> _Directions for this task_:
Print the lines in the listing below starting at the line with "肘まで届く絶妙な袖丈が、二の腕をカバーしつつ、手首の細さを強調。" and ending at the line with "Blue Color Chest", both included. Reproduce them exactly and omit every picture.

> _Task inputs_:
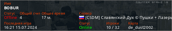 Играет на Counter Strike 1.6 сервере. Страна: РоссияПервый раз замечен 15:49 30.05.2024
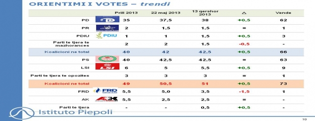 Nëse shqiptarët do të votonin sot, koalicioni i majtë do të fitonte zgjedhjet e 23 qershorit me një shumicë prej 51%, i pasuar nga koalicioni i djathtë me 42, 5 % të votave. Ky është përfundimi i sondazhit të tretë të institutit italian “Piepoli”.
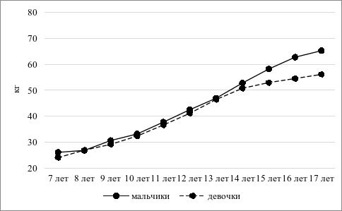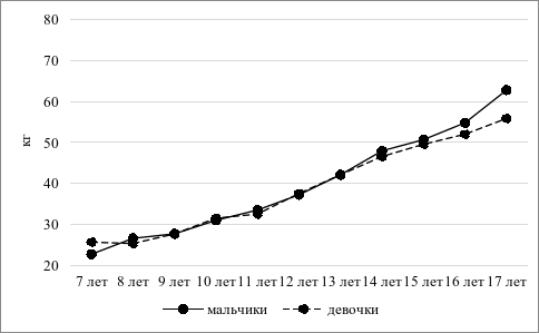 Рис. 6. Кривые массы тела школьников 7-17 лет, проживающих в УФО
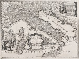 Halma, François. -Niewe kaart von Italien... 1704. 50 x 65 Carte richement décorée de 3 cartouches.
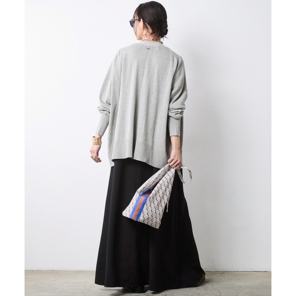 肘まで届く絶妙な袖丈が、二の腕をカバーしつつ、手首の細さを強調。
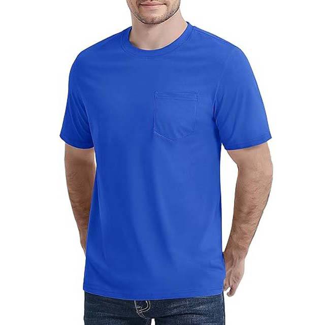 Blue Color Chest Pocket Men's T Shirt Cotton Comfortable Men's Clothing Crewneck Summer Short Sleeve Casual Men T Shirts
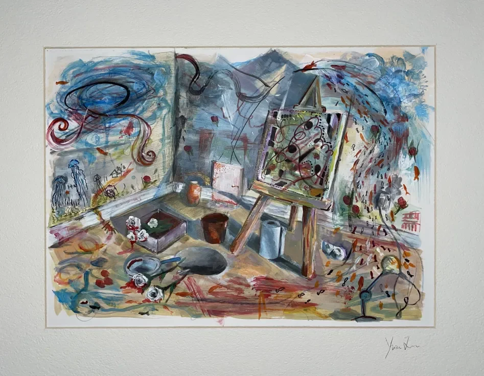 I wanted to explore the feeling of a cluttered mind through a chaotic environment. Inspired by horror vacui, I filled the room with details, using acrylic paint, markers, crayons, and ink to make the space feel full and almost overwhelming. Through this piece, I wanted to show how thoughts and surroundings can spill over, creating a sense of energy and chaos on the canvas.
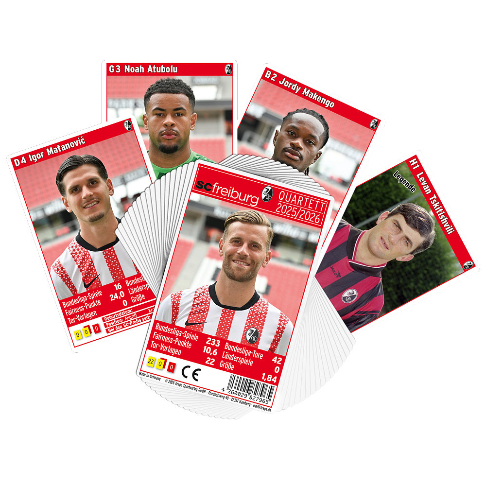 • Ob Zuhause oder unterwegs - mit dem SC Freiburg - Quartett 2025/26 wird es nie langweilig!

> _Completed task_:
 肘まで届く絶妙な袖丈が、二の腕をカバーしつつ、手首の細さを強調。
 Blue Color Chest Pocket Men's T Shirt Cotton Comfortable Men's Clothing Crewneck Summer Short Sleeve Casual Men T Shirts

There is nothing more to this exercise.